Degrees of Freedom

Degrees of Freedom Definition

The degree of freedom is defined as the number of independent values that can vary in any analysis without breaking the constraints of the analysis. In the estimation of a statistical parameter, this can be described as the number of values that can vary. This is an essential concept in statistics including regression analysis, hypothesis test, and parameter estimation. It is the amount of independent information that goes into the calculation of an estimate.

Symbol: ( Df ) is the commonly used abbreviation for the degree of freedom.

What is Degrees of Freedom?

Degrees of freedom indicates the values in a sample test that can vary in the estimation of parameters. It can be thought of as a mathematical restriction that should be implemented while estimating a population parameter by estimating others. These variations are in such a way that the constraints of the test are not compromised. It is the freedom of variables to vary or change while strictly staying within the constraints. If there are no rules, limitations, or patterns to be followed, then all the independent values have the freedom to vary. Here the degree of freedom has the value of the sample size.

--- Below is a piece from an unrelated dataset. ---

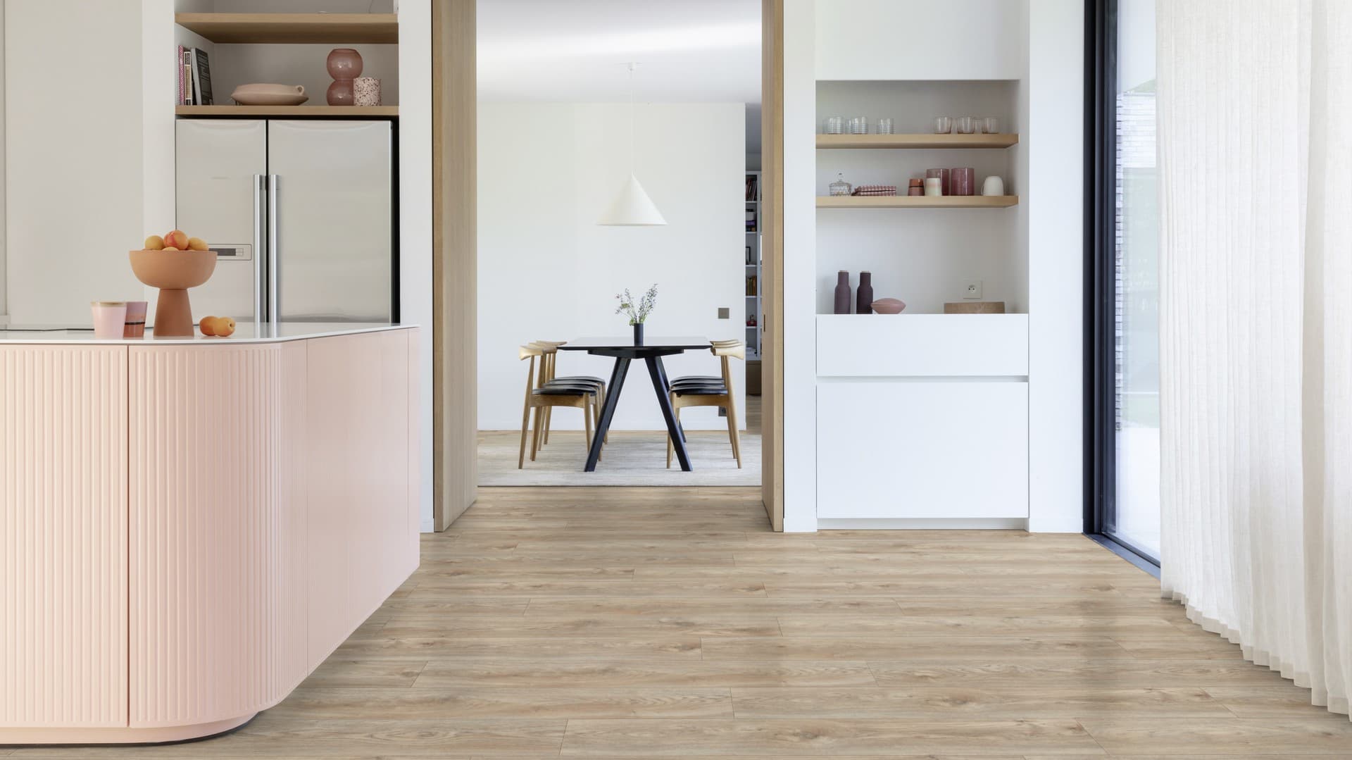 Dekory drewna obejmują eleganckie dęby, orzechy, struktury rustykalne oraz nowoczesne minimalistyczne wykończenia. Struktura embossed-in-register sprawia, że słoje i faktura drewna idealnie odwzorowują naturalny materiał. Dostępne są deski klasyczne, szerokie XL oraz formaty jodełki, co pozwala tworzyć efektowne kompozycje – od klasycznej elegancji po nordycki minimalizm.

Degrees of freedom often have applications in the calculation of population parameters from the sample statistics. The degree of freedom is not precisely the sample size. If we are to take a sample of size n, then typically, the degree of freedom for this sample will be the sample size minus 1. That is, n-1 independent values in the sample that is being considered have the freedom to vary.

Degrees of freedom Df = N – 1

Where N is the number of independent values taken for the sample.

The degree of freedom is a positive whole number. It can also be zero in the case of a sample with only one individual value.

Example of Degrees of Freedom

Let us understand the degrees of freedom more clearly by taking an example.

Example 1: Let us say that a girl has five pair shoes. She could wear any of them according to her preference. A constrain is placed on her that she has to wear a different pair of shoes each day for the next five days.

On the first day, she could choose any of the five pair of shoes. The next day she could choose all but the shoes she wore the previous day. Hence she could choose from the remaining four. This could be continued until the last day, where she could wear the only remaining pair. On the fifth day, there is no choice left for her. She must wear the last shoes. Unlike the previous days, she couldn’t vary her choice. This arises due to the constraint that she must not choose the used shoes again. Hence we could say that for 5-1 = 4 days, she had the chance to vary the shoes. Therefore 4 is the degree of freedom in this case.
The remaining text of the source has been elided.